Low engagement with electronic applications is a common issue. The vast majority of apps, and other online interventions, are not used beyond one month after they are downloaded (Kohl, Crutzen, & de Vries, 2013). We also know that patients are less likely to engage in interventions when the onus to engage is on themselves (Drummond et al., 2014; Kaner et al., 2013; Khadjesari et al., 2011).

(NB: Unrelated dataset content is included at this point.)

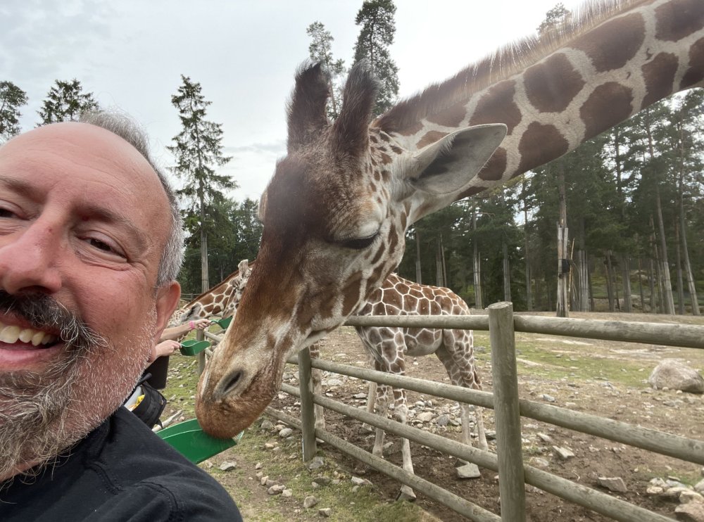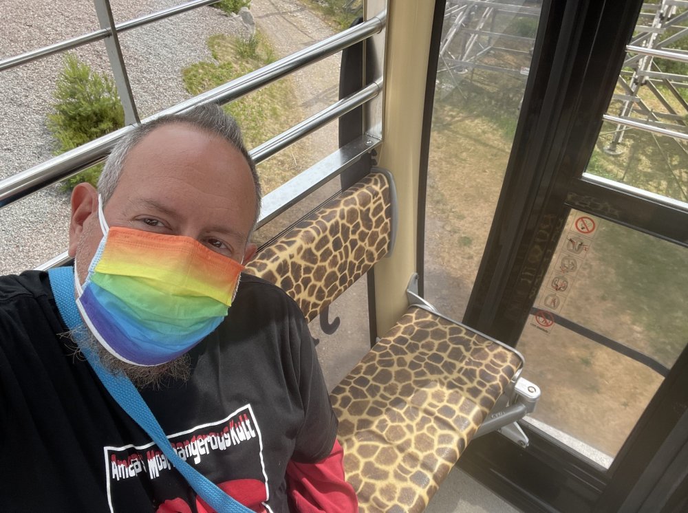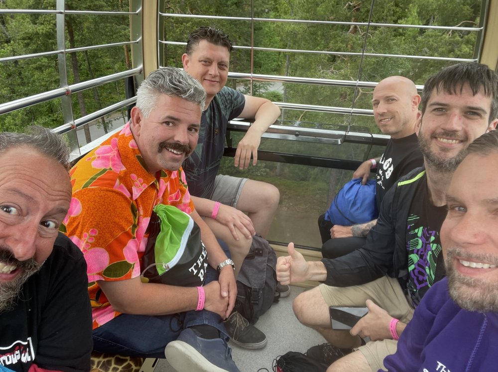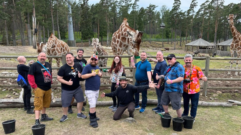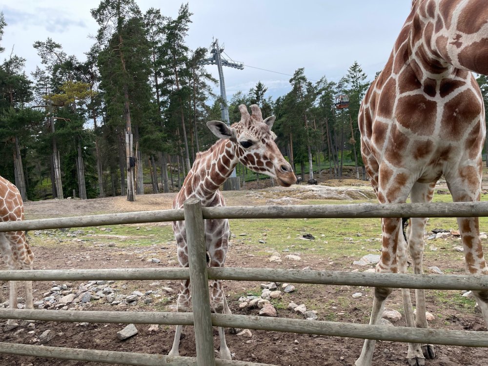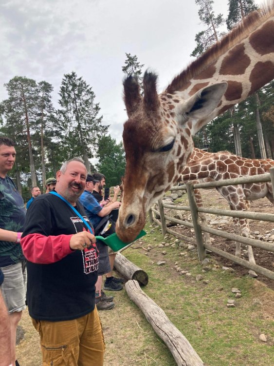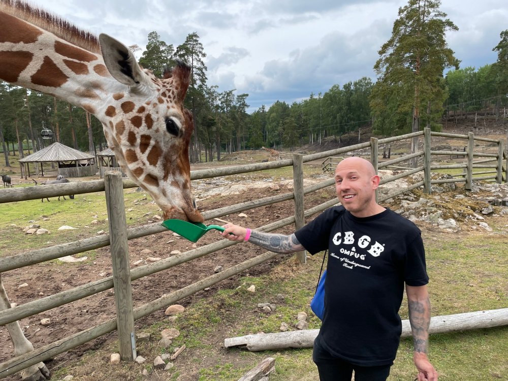 22. Day 17: Monday, June 19th part 2 (of 2) - Kolmården had to be careful, as the ride was in operation. . but we were guided between the moving Gondolas and to the transfer track area. . and it was explained that at the end of each day, this is where the Gondolas go to "sleep". .and they perform maintenance on any needing some TLC. it wasn't a big building, just a small shed. . so I was a little confused. . . until we rounded the corner and saw the massive staircase, that leads to the huge underground area empty, because all the Gondolas are currently on the ride Q&A session down in the underground area. . . they offered anyone who wanted to, could climb up on the walkway into the main control booth and take a look. .. but as I'm not a fan of tiny walkways high off the ground? I opted for another ride on the Safari while many in the group took turns going up to the control room. this time I got my own car, and so was able to move back and forth to get some good pics. my Gondola was Giraffe themed. . again, such a beautiful park/zoo I spy Erik taking a picture in the gondola before me wait. .are those people over there in the distance with the Giraffes? (answer. . yes, those are. . as we were to find out shortly) the Bears were up and about this time. . and using tree as a scratching post. the Lions were also mostly up and prowling around their enclosure on this trip. safari over, we were sent off on our own to enjoy the zoo. . . but first, they wanted to offer us another unique opportunity, if we were interested. passing by the Chimps enclosure. . . where were we going? Safari Camp? yes, you can actually camp out here at the zoo (on the grounds) as an option. well. . hello there! these were our guides at the Safari Camp area. . . where not only can you pay to camp out, in pretty nice tents / campground. . but you also get to get up close and personal with the animals we had seen from the Gondolas. including feeding them. i have an inkling, these Giraffes know that if there are people here? they are gonna get food, as they all came up to the fence right away. Ryan feeding a Giraffe! a baby!!! I fed the baby looking back at the campground (the Giraffes are behind me). . it's a nice set up, and would be fun to spend a night here for nature lovers. our group that fed the Giraffes. seems there's not all of us tho. . . what happened? oh.. we split the group because half went to go see the Bears up close, while we did Giraffes, and then we swapped. dawwwwwww !!!!! yeah. . we didn't go feed this lady. . .LOL. . but we saw her thru the fence watching us. then we headed over to the Bears. . . Kristen told us all kinds of neat facts about Bears, while this guy sat there and ate non stop. (I can relate). hug a tree, save a cowboy.. . or something like that? then we were cut loose to enjoy the rest of the day at the zoo, until it was time to meet up for ERT later on Wildfire. it's a large zoo, with lots of animals, and some really nice enclosures. in particular? the Tiger enclosure really impressed me. perhaps my favorite "warning" sign at Kolmården - as you head down to the "sunken bus" one would think they didn't NEED this sign. . but since they have it? some fool clearly got too close to the bars the tigers are everywhere! every time I thought I had seen them all? I spotted another one. towards the end of the afternoon, it was time to meet back up at Wildfire. Didier and myself enjoying "Bench: the ride" - it's a very large park, with lots of hills. it was a LOT of walking today remaining general public thru the line, and time for ERT for TPR! I really liked this ride, but could only ride it so many times. The forces on this, combined with the restraints? hit me just perfect on my bladder. and literally every time I rode, I had to get off, and run to the toilet to pee. LOL after the 4th time in a row it happened, I started taking breaks between laps but I did ride it, and I loved it, as prooved by Robb's rider cam! all in all, a fantastic day, and the mask I wore most of the day really did seem to help the allergic reaction I was having to whatever is in the air in Sweden's wilderness. after a great and exhausting day, we headed back to the bus for the drive back to Stockholm.

Much of the literature on eBI has focused on the provision of websites rather than smartphone apps (Donoghue et al., 2014). Arguably the main issue in developing an effective eBI app is engaging participants enough for them to find it useful. Engagement has been defined as how a user interacts with and experiences the technology in question (Alkhaldi et al., 2016). For example engagement with smartphone apps is often measured by the pattern of downloads, number of page visits and average session lengths. Patterns of use can identify the most and least useful features of an app. Bewick et al. showed how participant engagement with a web-based electronic intervention reduced the consumption of alcohol (Bewick et al., 2010). There is also evidence on user preferences for content, features and style, and strategies to improve engagement (Alkhaldi et al., 2016; Crane, Garnett, Brown, West, & Michie, 2015; Milward et al., 2016). But two personalised alcohol interventions apps for young adults (Drinks Meter and OneTooMany) also found no evidence of impact on risky drinking (Davies, Lonsdale, Hennelly, Winstock, & Foxcroft, 2017).

Implication for policy and practice

Alcohol consumption by participants remained very low across the three arms of the study. But we found that PFBA and eBI were no more effective than screening alone in delaying the onset of drinking or reducing alcohol consumption in this low-risk group of adolescents attending emergency departments. Hence there is no case to roll out these interventions to adolescents at low risk.

This reinforces the findings of Strom et al. (2014) who found no evidence that universal prevention programmes affect alcohol use within schools. They concluded that, with current methods of implementation, such programmes are no better than the standard alcohol curriculum in schools.

Funding

This paper reports independent research funded by a National Institute for Health Research (NIHR) Programme Grant for Applied Research (RP-PG-0609-10162). The views expressed are those of the authors and not necessarily those of the NHS, the NIHR or the Department of Health and Social Care. CD, EK and JS hold NIHR Senior Investigator awards. CD and JS were partly funded by the NIHR Specialist Biomedical Research Centre for Mental Health at South London and Maudsley NHS Foundation Trust and King's College London. CD was partly funded also by the NIHR Collaboration for Leadership in Applied Health Research and Care, and the NIHR Applied Research Collaboration at King's College Hospital NHS Foundation Trust. TP was funded by a NIHR Clinical Doctoral Research Fellowship and is part funded by the NIHR Yorkshire and the Humber Clinical Research Network. EK is supported by the NIHR Applied Research Collaboration, North East and North Cumbria.

Declarations of Interest

CD, JS and TP have declared personal funding above. JS has also worked to develop new and improved treatments with pharmaceutical companies from whom he and his employer (King's College London) have received honoraria, fees and travel costs. Over the past 3 years, this has included work with Indivior, MundiPharma, Camurus and Accord; and trial medication supply from Camurus. JS has also been named in a patent registration by a pharma company as inventor of a concentrated nasal naloxone spray. King's College London has also registered intellectual property on a novel buccal naloxone formulation. EK is a senior scientist in the NIHR Schools of Primary Care Research and Public Health Research, and the UKCRC Centre of Excellence in Translation Public Health Research. All other authors have no conflicts of interest to report.